8. The use of torture by the United States is nothing new.
U.S. soldiers waterboarded Philippine rebels a hundred years when we “liberated” them from their Spanish overlords. During the Vietnam War, as documented by Nick Turse in Kill Anything that Moves, “the daily fact of life throughout the years of the American presence in Vietnam” included waterboarding, electric shock, rape and gang rape, sodomy, the killing and raping of children, point-blank executions, using people for target practice, running down civilians with jeeps and trucks, crushing people with armored vehicles, and drownings. This, of course, was in addition to just killing people with bombs and bullets and napalm.
9. The government didn’t torture anyone.
It was individuals who tortured detainees for the U.S. government. Some mysterious entity called “the government” didn’t torture anyone. Individuals chained detainees to the floor for the U.S. government. Individuals deprived detainees of sleep for days at a time for the U.S. government. Individuals waterboarded detainees for the U.S. government. Individuals placed detainees in stress positions for the U.S. government. Individuals stripped detainees for the U.S. government. Individuals shackled detainees’ hands above their heads for the U.S. government. Individuals forced detainees to stand for days on end for the U.S. government. Individuals performed “rectal feeding” on detainees. Individuals beat detainees for the U.S. government. Individuals killed detainees for the U.S. government. Some individuals sure must have a high opinion of the U.S. government to do these things for it.
10. Don’t join the CIA.
Some who would caution young men against joining the military would not say the same thing about them working for the CIA. Most Christian colleges would think it a great thing if one of their students were recruited by the military or the CIA. Yet, almost every argument that could be made against joining the military could likewise be made against joining the CIA. Like soldiers, CIA agents are expected to follow orders. Can CIA agents refuse to use “enhanced interrogation techniques”? Oh, but they can, you say? Ok then, but what about being an accomplice to torture? Can they refuse to hold someone down while he is waterboarded? Can they refuse to transport someone to be tortured? Can they refuse to stand watch outside of a room while someone is being tortured? Can they refuse to write down the information obtained by torture? Can they refuse to strip the clothes off individuals? Can they refuse to prepare the food that is inserted into a detainee’s rectum? You never know what you might be expected to do as a CIA agent—in the name of national security, of course. Don’t join. Don’t allow yourself to be put in a situation where you might have to violate your conscience—if you still have one.

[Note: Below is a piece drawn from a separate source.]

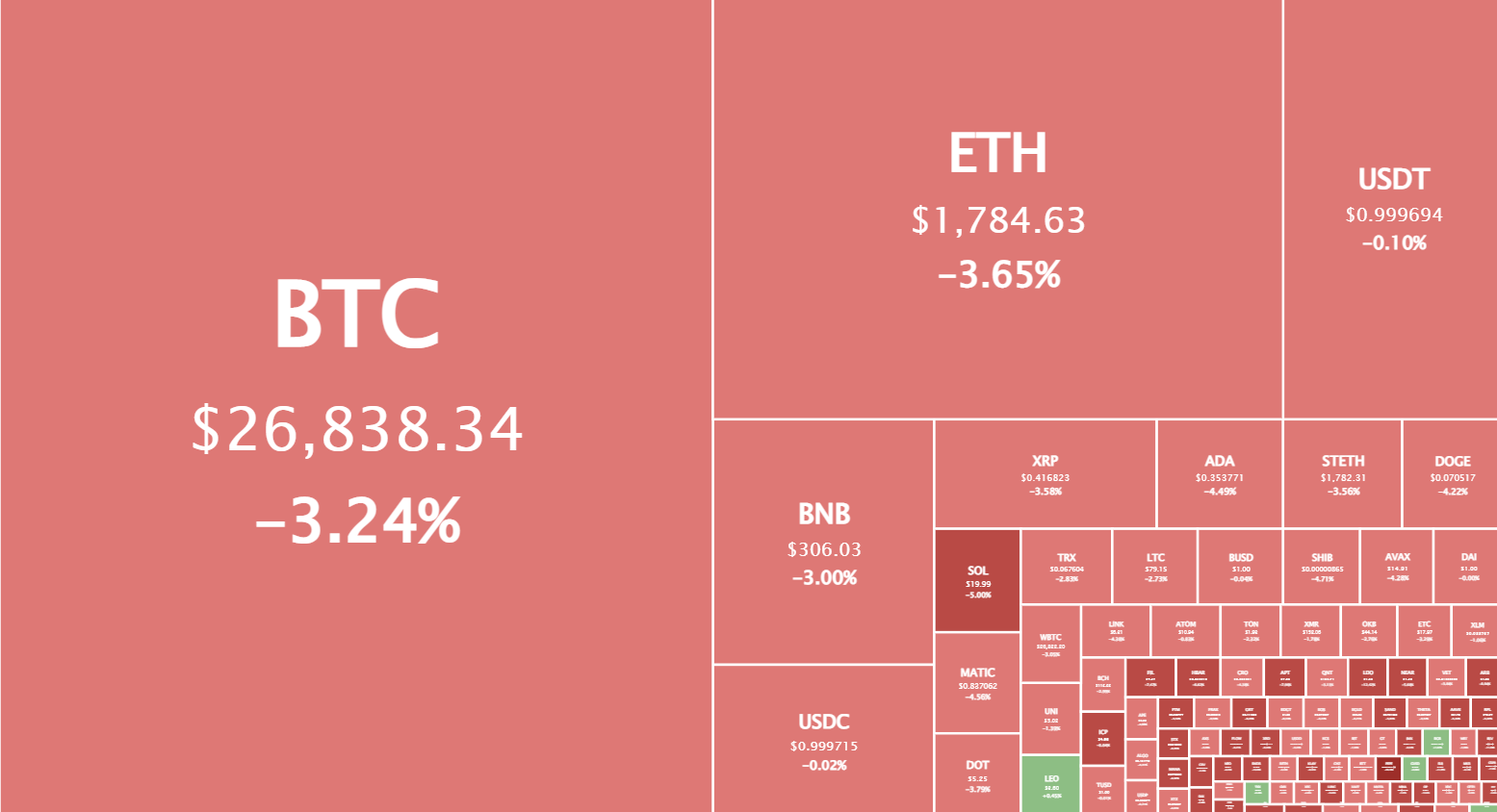 BTC упал ниже $27 000, Чебесков предложил криптобизнесу не ждать регулирования — главные итоги дня в дайджесте BeInCrypto

And aside from torture, can CIA agents refuse to lie, deceive, manipulate, and betray for the government? Can they refuse to kidnap, assassinate, bribe, and murder for the government? Can they refuse to participate in regime change, destabilization of governments, coups, and meddling in the affairs of other countries for the government? To refuse is to
The CIA is a rogue agency. It agents no more keep us safe and defend our freedoms than U.S. soldiers do. The CIA must be abolished. A free society can survive without it.